The Education of Charlie Banks is a 2007 American drama film directed by Fred Durst and starring Jesse Eisenberg, Jason Ritter, Eva Amurri, Gloria Votsis, and Chris Marquette. Produced by Marisa Polvino, the film had its world premiere at the 2007 Tribeca Film Festival, where it won the Made in NY Narrative Award. It is Durst's film directing debut. Peter Care was initially attached to direct. The Education of Charlie Banks received mixed reviews from critics who praised Ritter's performance but criticized Peter Elkoff's screenplay and Durst's direction.

==Plot==

As a kid, Charlie Banks both admired and feared the charismatic and violent local Mick Leary; in high school, Charlie witnesses Mick beat two jocks nearly to death at a party. Despite Mick being the buddy of his best friend, Danny, Charlie reports Mick to the police.

Three years later, Charlie and Danny are college freshmen. Mick, to their surprise, shows up for a visit. Though claiming to be visiting for the weekend, Mick moves into the two friends' dorm and begins borrowing their clothing, attending their classes, reading their books, and flirting with Mary, a woman on whom Charlie has a crush. Charlie begins to wonder if Mick has changed or if he is plotting fiendish revenge against him.

==Release==
The film premiered at the 2007 Tribeca Film Festival, where it won Best New York Narrative. It received a limited release in North America on March 27, 2009, before being released on DVD three months later on June 30, 2009.

==Reception==
The Education of Charlie Banks garnered mixed reviews from critics. Metacritic, which uses a weighted average, assigned the a score of 50 out of 100, based on 9 critics, indicating "mixed or average" reviews.
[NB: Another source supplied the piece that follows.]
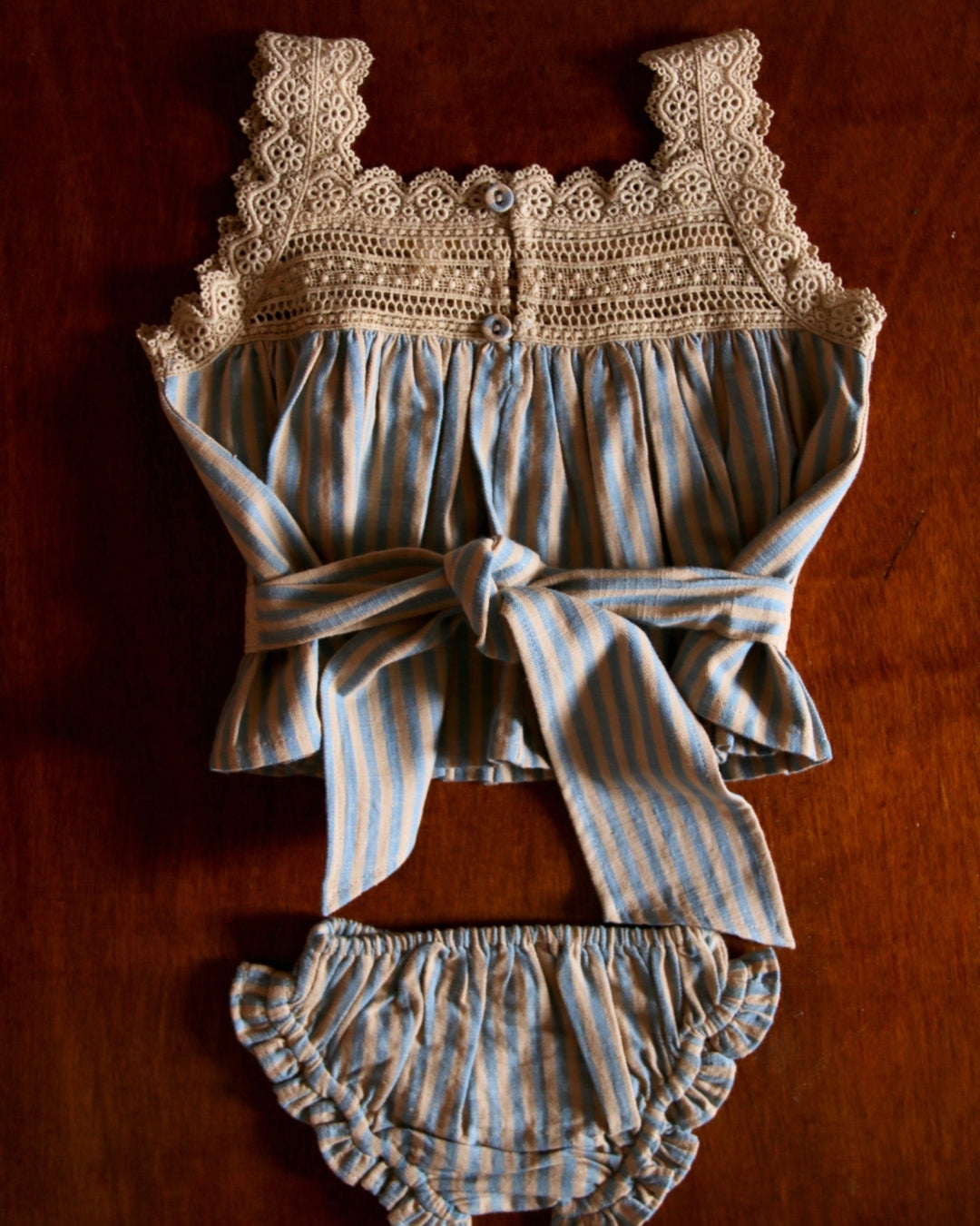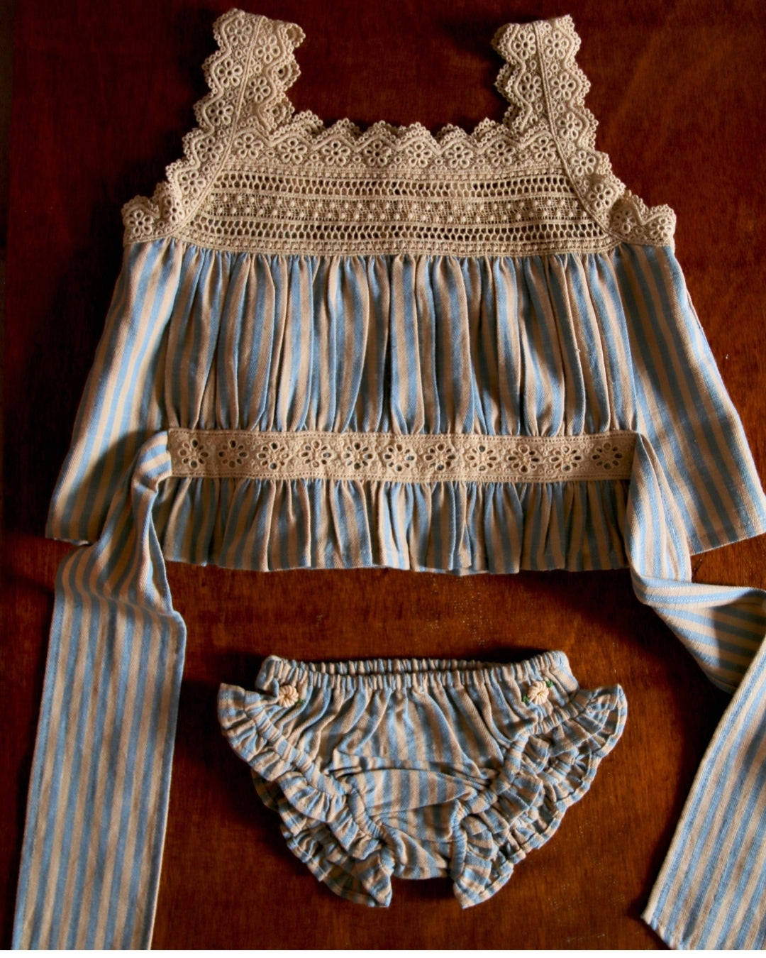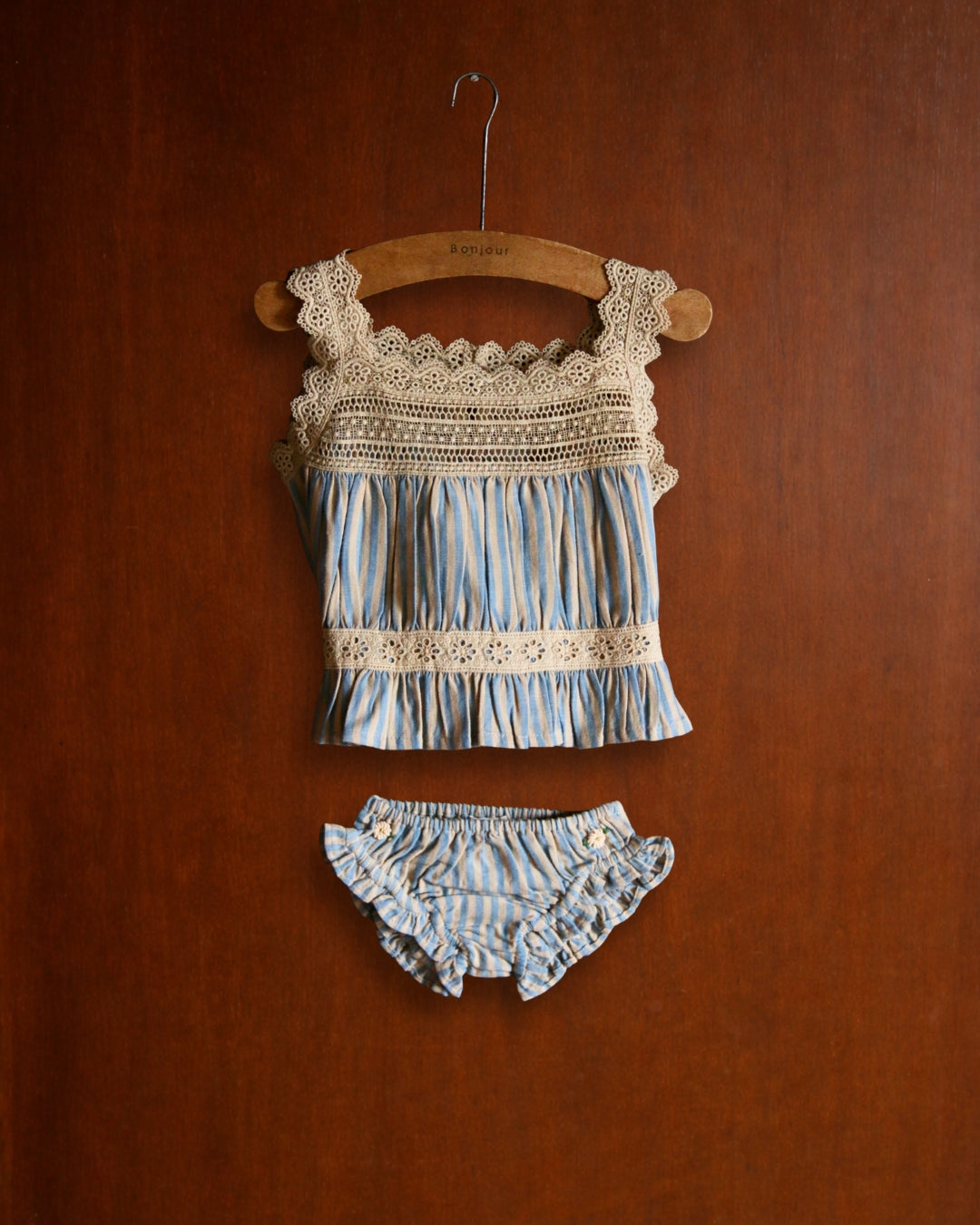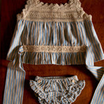 · A delicate two-piece set featuring a softly gathered striped top and matching panty

Robert Abele of the Los Angeles Times wrote that: "Durst's direction is overly earnest, heavy in long takes, atmosphere wise but scene foolish." Joe Neumaier of the New York Daily News praised Eisenberg for giving a "nicely understated performance" as an "endearing everyman" but felt that Ritter lacked the "necessary air of danger" the script calls for in his role. Norman Wilner of NOW felt that Durst delivered "an overwhelmingly safe movie", criticizing Elkoff's script for having "simple dramatic constructions" and "measured steps" in its plot, and Eisenberg for giving a "blandly conceived version" of the characters he usually portrays, concluding that: "He does the required stammering and shrugging, but it's a tossed-off turn in a movie that’s similarly on autopilot."
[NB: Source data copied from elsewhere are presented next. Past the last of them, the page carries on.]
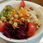 Innen das zarte Fischfleisch schön saftig. Dazu ordentlich gebräunte Bratkartoffeln, zu unserem persönlichen Glück mit nur wenig Speck. Auch die kleine Salatgarnitur mit marinierten Rohkostsalaten knackig und frisch.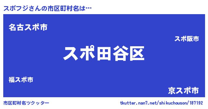 | 意味不明あだ名 | 『住所不定無職スポフジ(95歳)』 |
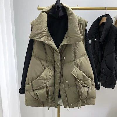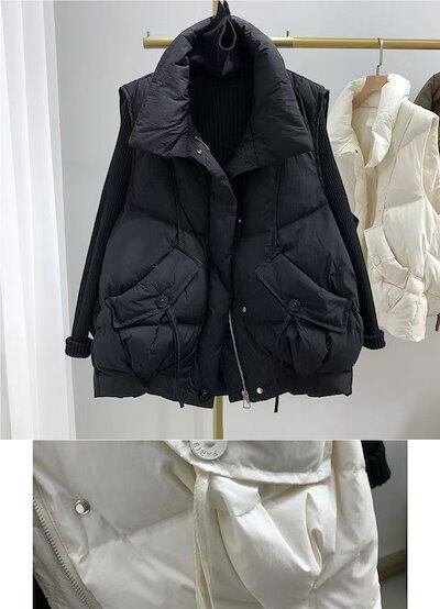 ダウン綿ベスト レディース 冬 新作 アウター 韓国風 おしゃれ 人気沸騰 トレンド リボン付き ベスト 綿入れ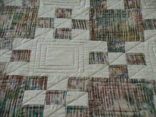 A simple arrangement of two sizes of squares, with shadow quilting, that is following the shape of the pieces, keeps it simple and elegant.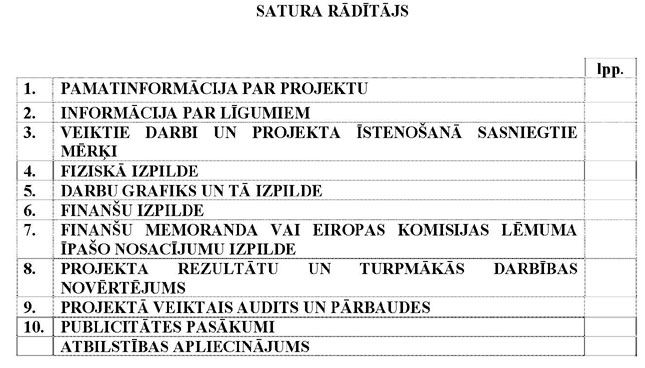 16. 90 dienu laikā pēc finanšu memorandā vai EK lēmumā noteiktā projekta beigu datuma vai, ja projekts noslēdzies ātrāk, pēc projekta faktiskā noslēguma datuma starpniekinstitūcija iesniedz vadošajā iestādē saskaņoto projekta noslēguma ziņojumu un noslēguma ziņojuma atbilstības apliecinājumu (6.pielikums) divos ar parakstu apliecinātos eksemplāros, pievienojot publicitātes materiālus par visu pārskata periodu (kopijas).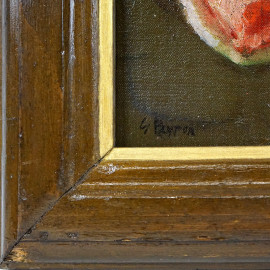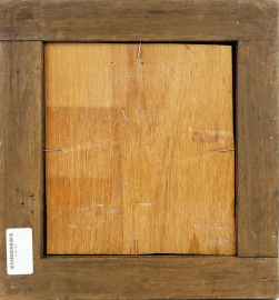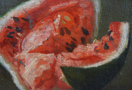 Cocomero, olio su tela applicata su tavola, cm 26x24, firmato, entro cornice.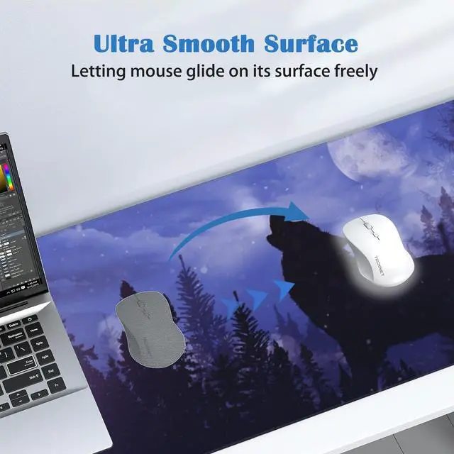 Large Mouse PadThe desk mouse pad measures 31.5 x 15.7 inch, with 2 mm thickness, big enough to accommodate your computer, laptop, keyboard and other desk items, and still leave plenty of space for your mouse to move all around. ^^ High qulity Workmanship and MaterialsThe mouse pad has delicate stitched edges, it is individually hand crafted with high quality warkmanship so not fray, deformation and degumming in prolonged use, relax to use. The computer mouse pad is thick and feels soft in the hand, which will provide comfortable support while typing, reading, writing and even sleepping.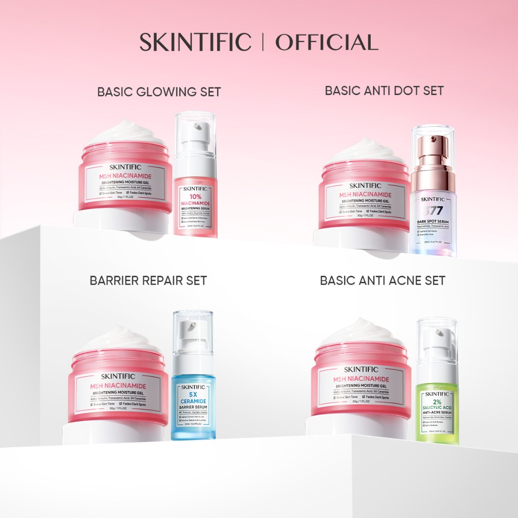 SKINTIFIC - 2pcs Paket Basic Skincare Set | MSH Niacinamide Glowing 377 Dark Spot Salicylic Acid Acne Treatment 5X Ceramide Barrier Calming Serum Brightening Moisturizer Deep Moisture Combo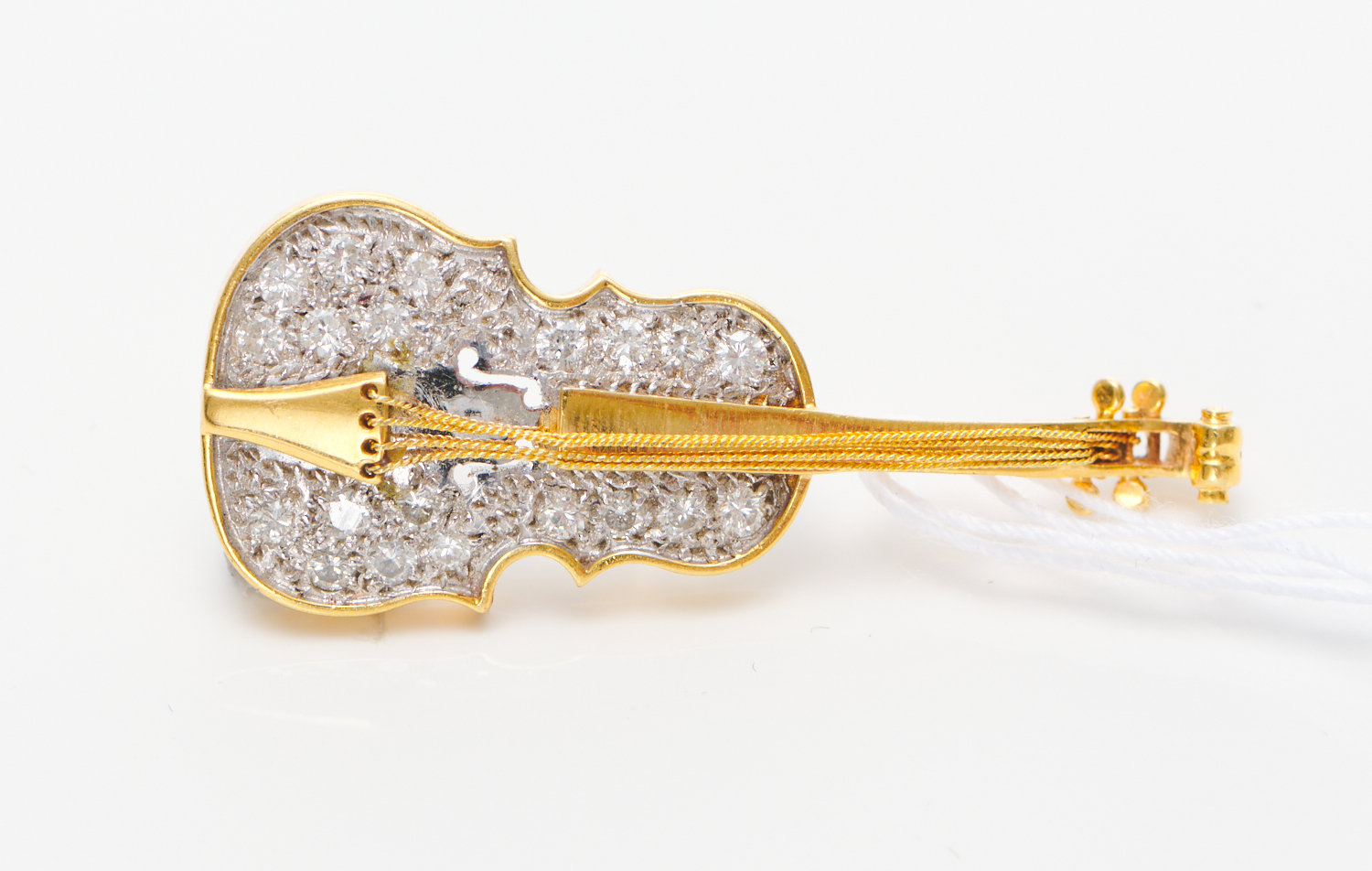 A DIAMOND VIOLIN PENDANT IN TWO TONE 18CT GOLD, LENGTH 40MM, 6.3GMS

Jeannette Catsoulis of The New York Times praised the film for Durst's detail-oriented direction in capturing the early '80s, and the "sincere performances (most notably from Mr. Ritter and Eva Amurri as Charlie's upper-crust crush) and clever writing" for keeping it from being "maudlin" and for serving as "a prickly examination of the sturdiness of class boundaries and the illusion of inclusion." Greg Quill of the Toronto Star pointed out that Elkoff's script carried elements of F. Scott Fitzgerald and his novel The Great Gatsby and had predictable revelations, but gave praise to the "sensitively and intelligently" written characters and Durst for being a storyteller with "great care and assurance" and an attention to detail regarding the film's time period without being showy about it, calling it "an earnest, if romanticized, examination of the American class system in the late 1970s and early 1980s, and the eternally confounding politics of acceptance and exclusion."
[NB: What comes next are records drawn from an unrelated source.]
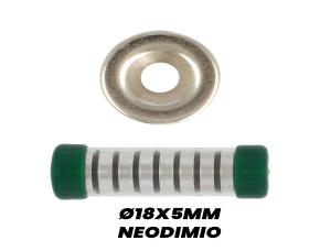 TUBO 10 IMAN Ø18X5MM/8.8 LBS FUERZA, NEODIMIO REDONDO RECUBIERTO DE NIQUEL, MOD.31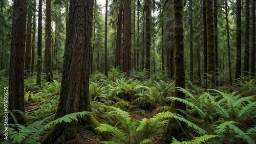 Dense Forest with Tall Trees, Sunlight Filtering Through, and Lush Ferns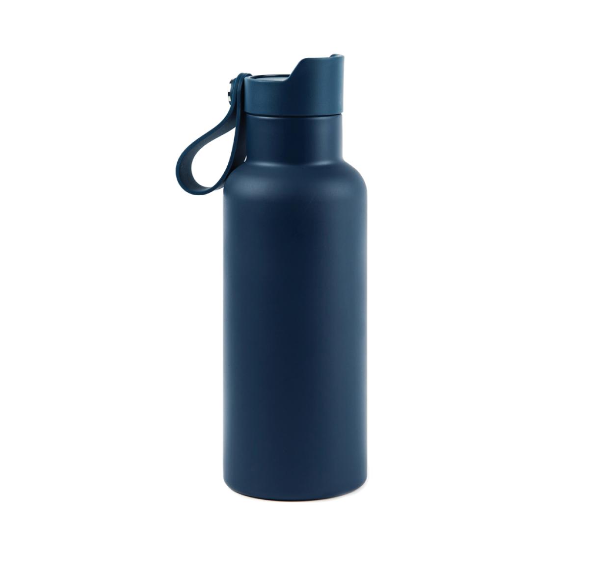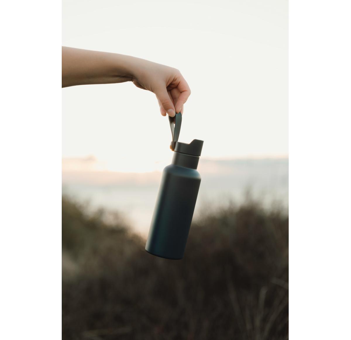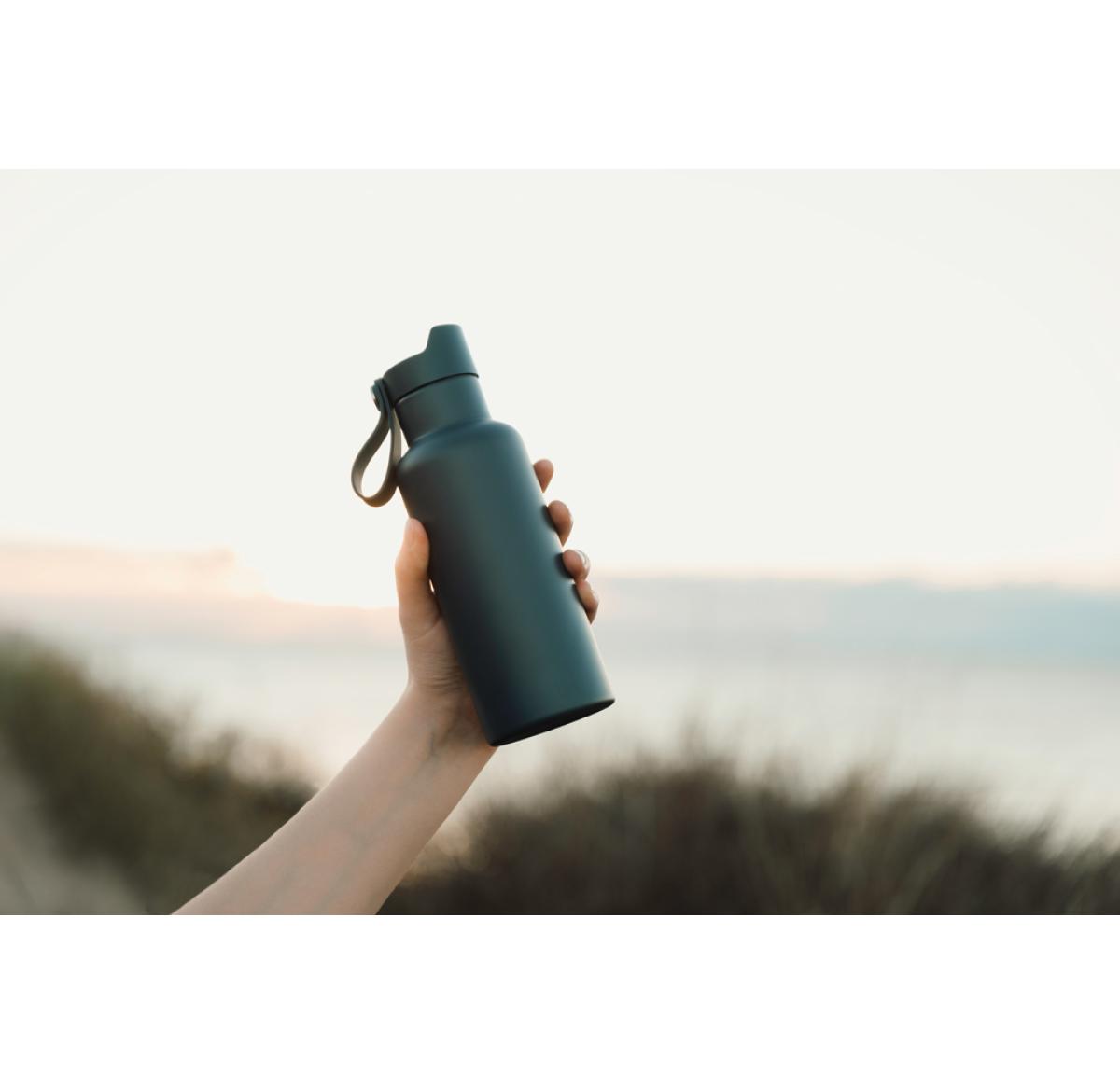 Practical and stylish water bottle with a tough, double wall. Vacuum sealed to keep drinks hot or cold for up to 6 hours. Enjoy your favourite cold drink while you're out and about or bring a warming cup of tea or coffee on your morning commute. Push-mug function. 500ml.

Despite skeptically regarding Durst's attempt to evoke viewer sympathy for the rebel Mick, Entertainment Weeklys Owen Gleiberman applauded Ritter's "theatrical chops," comparing him to a "young Ethan Hawke on a bender of violence," and called him "an actor to watch." Michael Rechtshaffen of The Hollywood Reporter criticized Elkoff's writing for being "overtly literate" and Durst's direction for "underscoring the obvious," but commended the latter for his ability to "establish the specifics of place and time" with the film's setting, and craft an "impressively acted ensemble" with his young performers, highlighting Ritter's portrayal of Mick as having "a believably brooding intensity with a bad boy swagger," drawing parallels to the widely acclaimed performances of a young Matt Dillon.